In denying Apache's motion to dismiss W&T's fraud claim on the basis that the claim was prescribed, this court noted that W&T alleged that "it could not have reasonably known that it had a fraud claim until 2011, when [W&T] uncovered internal Apache communications suggesting knowledge that the representations to [W&T] were false and that Apache was intentionally misleading [W&T] and concealing the truth." (Docket Entry No. 45 at 27). But W&T admits in its response to Apache's summary-judgment motion that it obtained these communications "during discovery in this lawsuit"—which is after it filed this suit alleging fraud. (Id. at 49). W&T cannot claim that these communications were necessary to sue for fraud. See, e.g., Terrebonne Parish Sch. Bd. v. Mobil Oil Corp., 310 F.3d 870, 885 (5th Cir. 2002) (stating that contra non valentem applies "when the plaintiff is effectively prevented f[rom] enforcing his rights for reasons external to his own will"). W&T has not identified information it acquired only after the prescriptive period expired and before it filed this lawsuit that was necessary for it to allege fraud.

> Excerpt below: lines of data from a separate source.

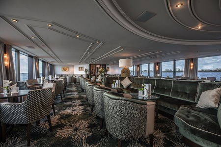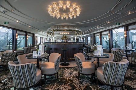 At the Riverview Kitchen with its large panoramic windows, enjoy a more intimate dining experience whilst taking in the fantastic views. Here in the evenings the chef presents in the open kitchen a selection of locally inspired dishes which you can enjoy with your fellow guests; this intimate dining experience can be reserved on board at no extra charge. When the weather allows the panoramic windows may be fully opened on to the terrace to allow a delightful al fresco dining experience.
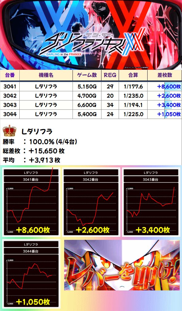 隣のガルパン(下記表)とあわせて、お祭り騒ぎだったダリフラ。全台が伸ばしていく中、MAXXをループさせたと思われる3041番台が8000枚超!
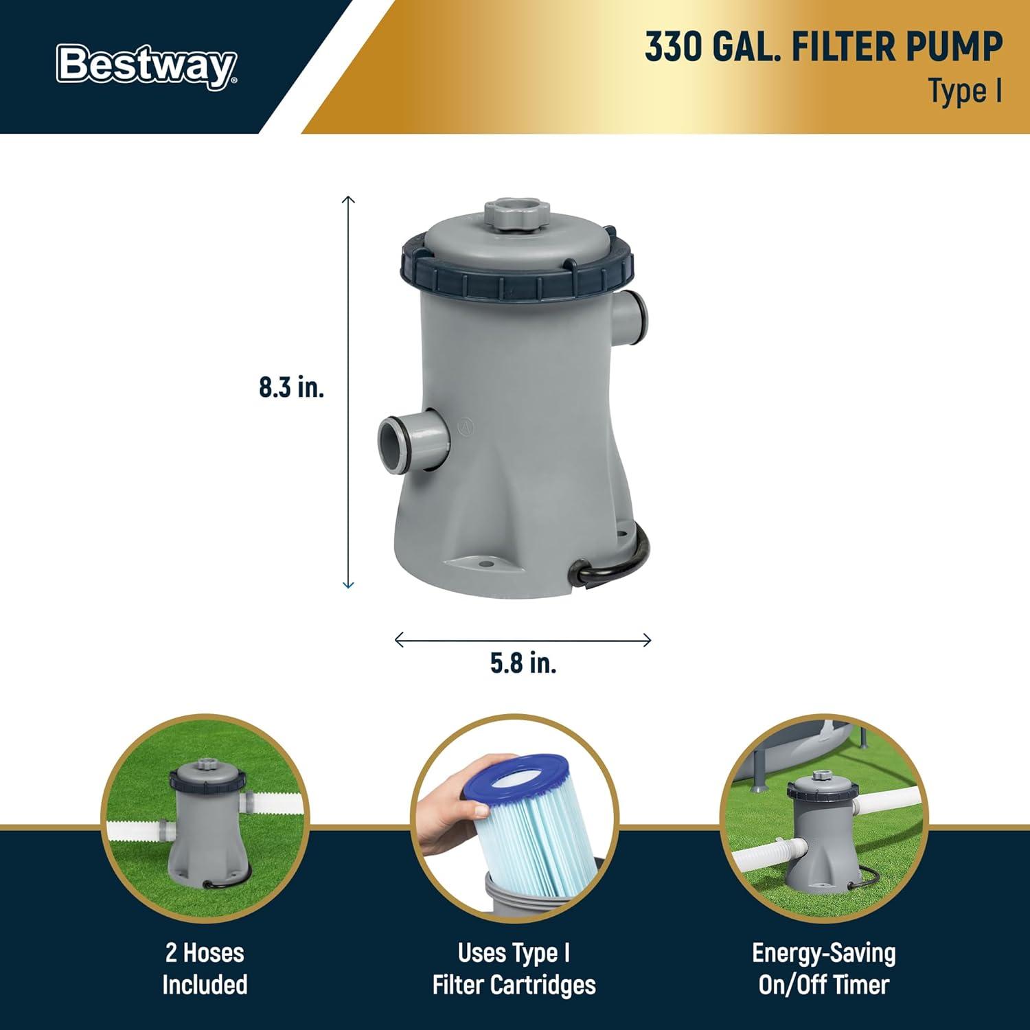 Complete above-ground pool set comes with all you need, including a 330-gallon filter pump and a repair patch kit to keep you prepared for maintenance
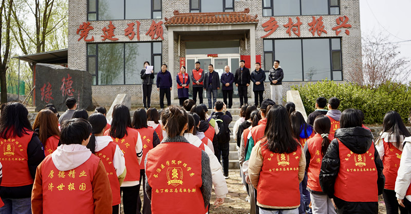 裴振感谢北董村对长医劳动教育的大力支持,向前来参加揭牌仪式的来宾表示热烈的欢迎。他指出,长期以来,学校高度重视大学生劳动教育,始终坚持将劳动实践教育贯穿在人才培养的全过程。塔岭山校外劳动实践基地的建立,对学生强健体魄、磨炼意志、涵养心灵等方面有着重要意义。他希望双方携手并肩,共同策划和开展形式多样的教育实践活动,培养新时代德智体美劳全面发展的社会主义建设者和接班人。

Based on the summary-judgment evidence, W&T's fraud claim is prescribed as a matter of law. Summary judgment dismissing W&T's fraud claim is granted. V. W&T's Damages Claims
A. Damages for Apache's Alleged Misallocations
W&T has presented three alternative damage calculations through the report of its expert, Jeffrey Compton. (Docket Entry No. 70, Ex. 2). Opinion A concludes that W&T is entitled to recover $9,777,192.99, the amount W&T demanded in its audit exceptions. (Id., Ex. 2 at ¶ 24). The basis for this conclusion is that the exceptions are deemed established because Apache did not "substantively respond" to them. (Id., Ex. 2 at ¶¶ 22-23). Opinion B concludes that W&T is entitled to recover $8,658,055.61, based on the amount of oil W&T asserts it should have been allocated, with no reduction for BS&W content. (Id., Ex. 2 at ¶ 66). Opinion C concludes that W&T is entitled to $4,776,240.33. (Id., Ex. 2 at ¶ 71). Like Opinion B, this reflects what W&T contends is the proper allocation, but is adjusted for BS&W content W&T measured at its own platform, ST-229.

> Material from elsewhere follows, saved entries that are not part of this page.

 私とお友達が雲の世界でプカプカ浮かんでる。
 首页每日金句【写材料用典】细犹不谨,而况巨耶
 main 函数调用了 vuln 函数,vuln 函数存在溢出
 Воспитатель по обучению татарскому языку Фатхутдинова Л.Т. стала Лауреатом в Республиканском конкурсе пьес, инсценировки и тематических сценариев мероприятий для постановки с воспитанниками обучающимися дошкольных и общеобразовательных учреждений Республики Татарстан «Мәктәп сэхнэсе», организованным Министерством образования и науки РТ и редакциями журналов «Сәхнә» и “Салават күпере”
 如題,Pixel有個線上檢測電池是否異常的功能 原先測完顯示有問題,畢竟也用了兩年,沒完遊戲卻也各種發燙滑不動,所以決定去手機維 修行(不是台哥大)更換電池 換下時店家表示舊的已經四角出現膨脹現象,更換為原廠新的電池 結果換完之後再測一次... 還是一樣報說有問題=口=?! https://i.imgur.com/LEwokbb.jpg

W&T moved for summary judgment that it is entitled to damages using one of these alternative measures, plus interest. (Docket Entry No. 68 at 38-40, 44). Apache has cross-moved for summary judgment that none of the damage calculations is proper. (Docket Entry No. 70 at 6-18). The court has concluded that W&T is not entitled to summary judgment on its liability claims. To the extent W&T's motion for summary judgment on damages asks this court to hold that W&T is entitled to recover such damages, the motion is denied. To the extent the motion, and Apache's cross-motion, ask this court to rule on whether damages measures W&T has submitted are valid, this court rules that none of the damages models Compton presented is sufficiently reliable to be admissible. W&T's motion for summary judgment on the proper measure of misallocation damages is denied; Apache's cross-motion is granted.

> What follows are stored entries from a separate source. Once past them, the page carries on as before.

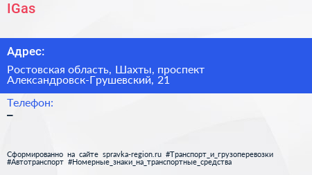 IGas по адресу Ростовская область, Шахты, проспект Александровск-Грушевский, 21 в дальнейшем Организация, размещена в следующих категориях:
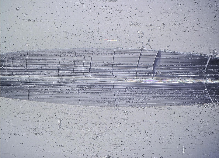 4K數位顯微鏡「VHX系列」搭載了兼顧光學顯微鏡20倍以上的大景深與高解析度的光學系統。即使是有深度的目標物,也能用整體對焦的高精細影像進行觀察。此外,搭載了瞬間合成多張對焦影像的「深度合成」功能。即使在高倍率下,對於玻璃厚度內有深度的微小破裂或氣泡等,也能用全對焦於整片視野的4K影像,清晰地觀察全貌。
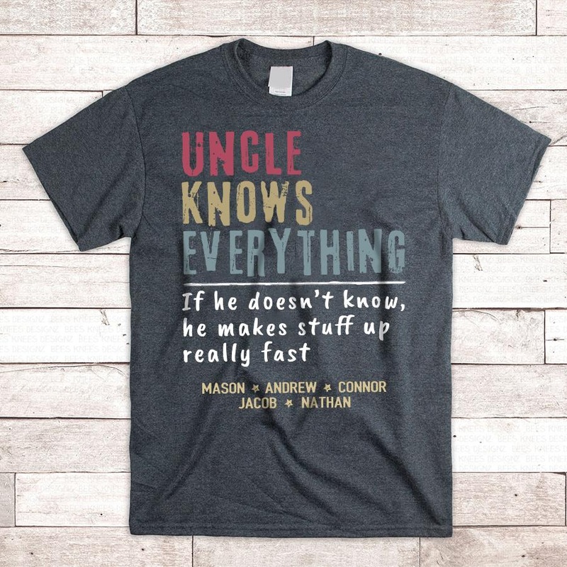 Uncle Knows Everything ||| T-ShirtGreat as Birthday gifts or Holiday presents. This adorable item can be designed upon anyone's wish with any title.Details Brand: Gildan Classic unisex cut makes this easy to fit the body.Material: Heavyweight fabric- Sport
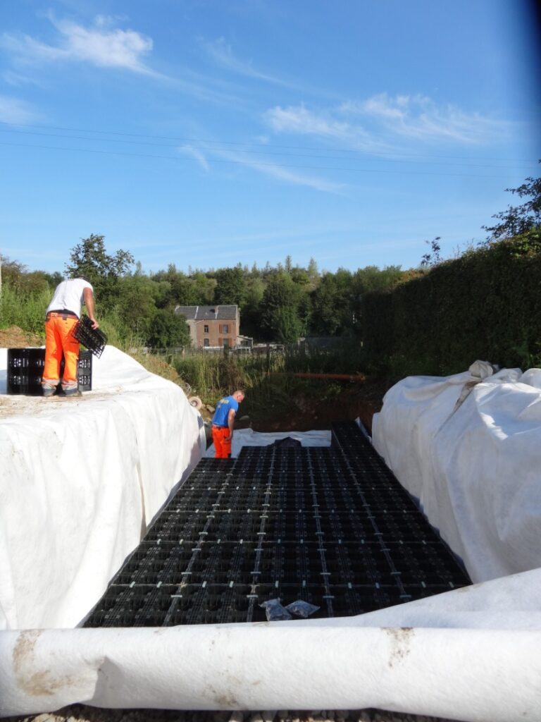 Nous sommes à Sprimont, en région liégeoise. Là où, afin de répondre aux impositions de la commune, il était nécessaire d’installer un bassin d’orage d’infiltration pour recueillir les eaux de voirie d’un tout nouveau lotissement de 6 maisons unifamiliales. L’occasion pour Deschacht de montrer toute l’étendue des nombreuses qualités de ses caissons d’infiltration et de rétention Columnbox.
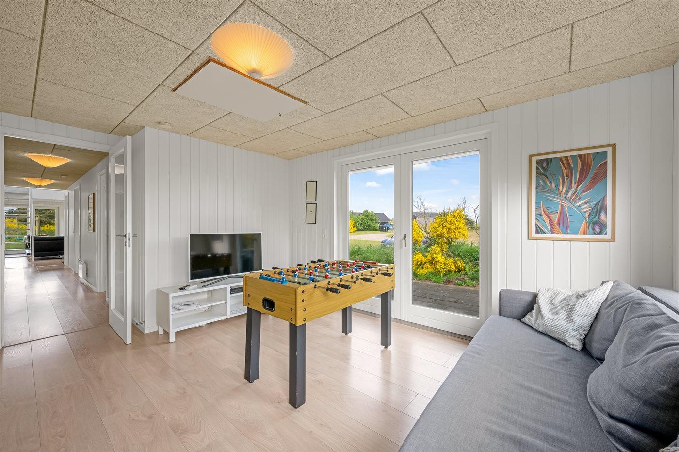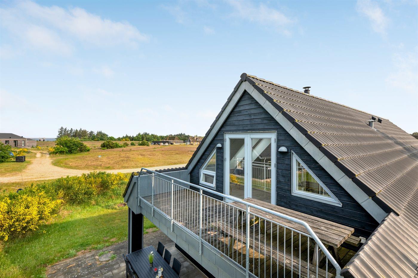 Charmerende sommerhus tæt på Ringkøbing Fjord med aktivitetsrum og stor altan med udsigt.
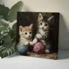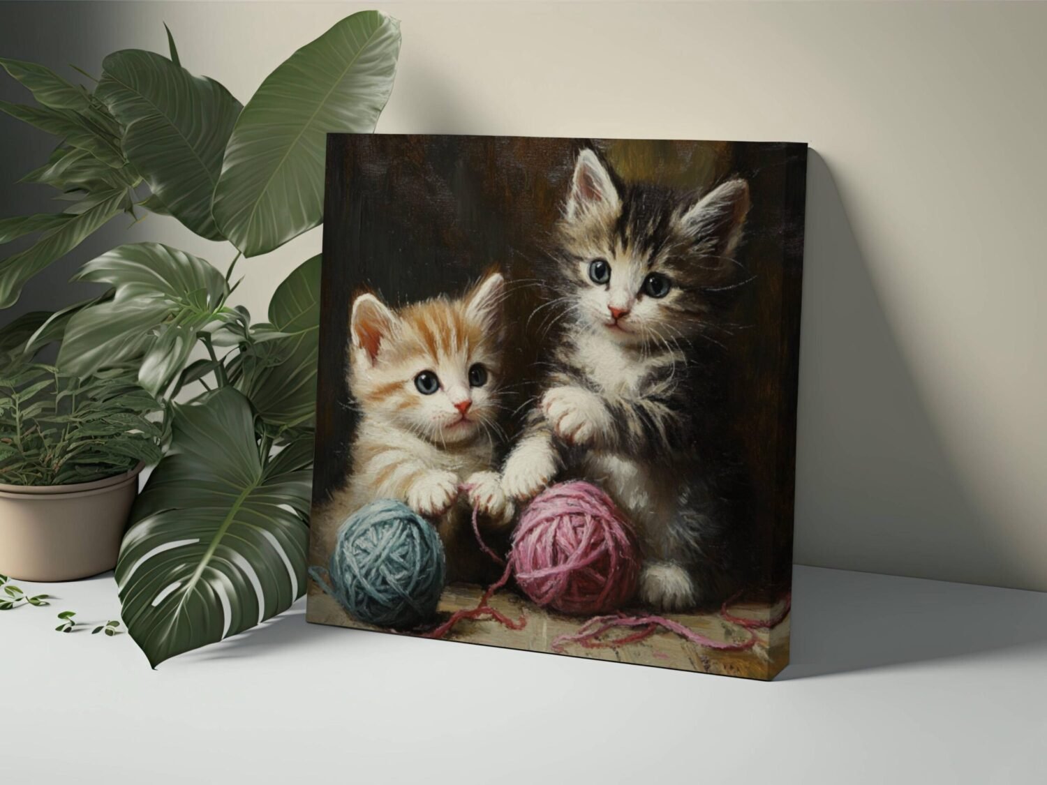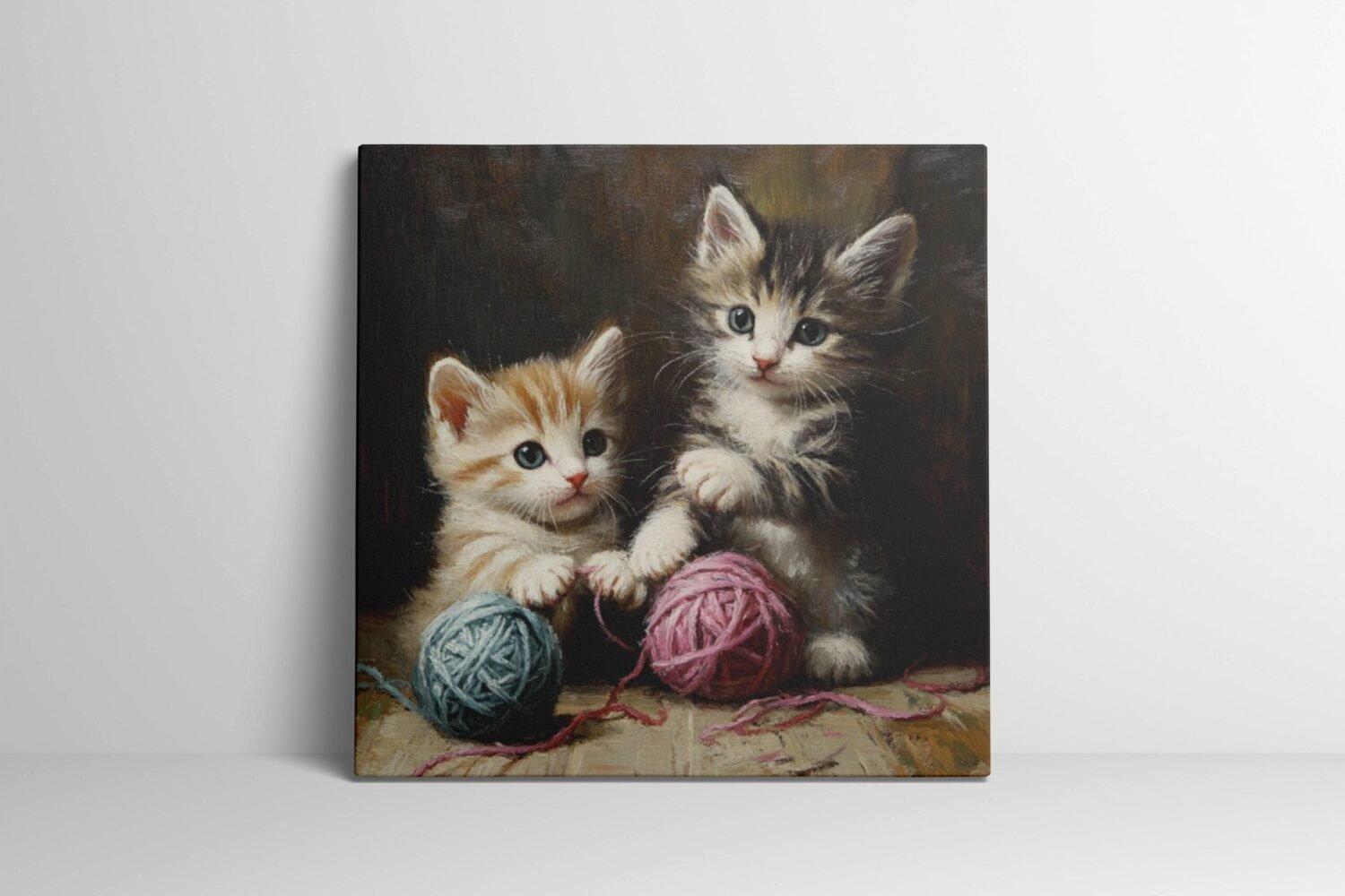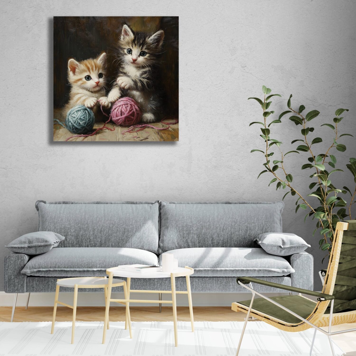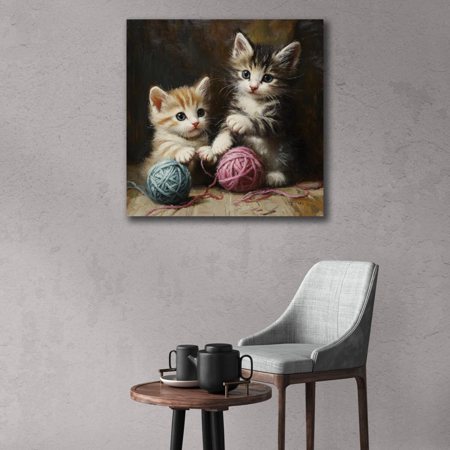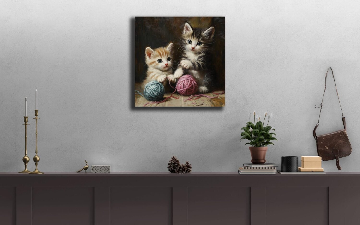 Adorable kittens playing with colorful yarn, perfect for adding a playful touch to any space. These curious felines are full of energy, tumbling and chasing balls of soft yarn.

"The measure of damages for a breach of contract is the sum that will place [the] plaintiff in the same position as if the obligation had been fulfilled." Ducote v. City of Alexandria, 706 So. 2d 673, 675 (La. Ct. App. 1998) (internal quotations and citation omitted). A court may not award damages absent definite proof. Jackson v. Lare, 779 So. 2d 808, 814 (La. Ct. App. 2000). A plaintiff must prove lost profits with reasonable certainty, not based on speculation or conjecture. Simpson v. Restructure Petroleum Mktg. Servs., Inc., 830 So. 2d 480, 484 (La. Ct. App. 2002); First Alarm Fire Equip., Inc. v. Southland Int'l of La, Inc., 114 So. 3d 1168, 1172 (La. Ct. App. 2013) (citing LA. CIV. CODE. ART. 1995). Damage calculations that are unreliable are inadmissible under Federal Rule of Evidence 702. See Seatrax, Inc. v. Sonbeck Int'l, Inc, 200 F.3d 358, 371 (5th Cir. 2000); Curtis v. M & S Petroleum, Inc., 174 F.3d 661, 668 (5th Cir. 1999); Moore v. Ashland Chem. Inc., 151 F.3d 269, 276 (5th Cir. 1998) (en banc).
1. Opinion A
The $9.7 million damage calculation in Opinion A is based on the audit exceptions in W&T's November 2, 2007 to Apache. In these exceptions, W&T requested a credit in the same amount Opinion A identifies as damages. (Docket Entry No. 68, Ex. 19 at 2). But W&T acknowledges that this amount overstates by millions the losses W&T actually suffered. Compton admitted that he would have to reduce Opinion A's amount substantially to accurately reflect his determination of W&T's actual damages. (Docket Entry No. 70, Ex. 4 at 14, 38-39 ).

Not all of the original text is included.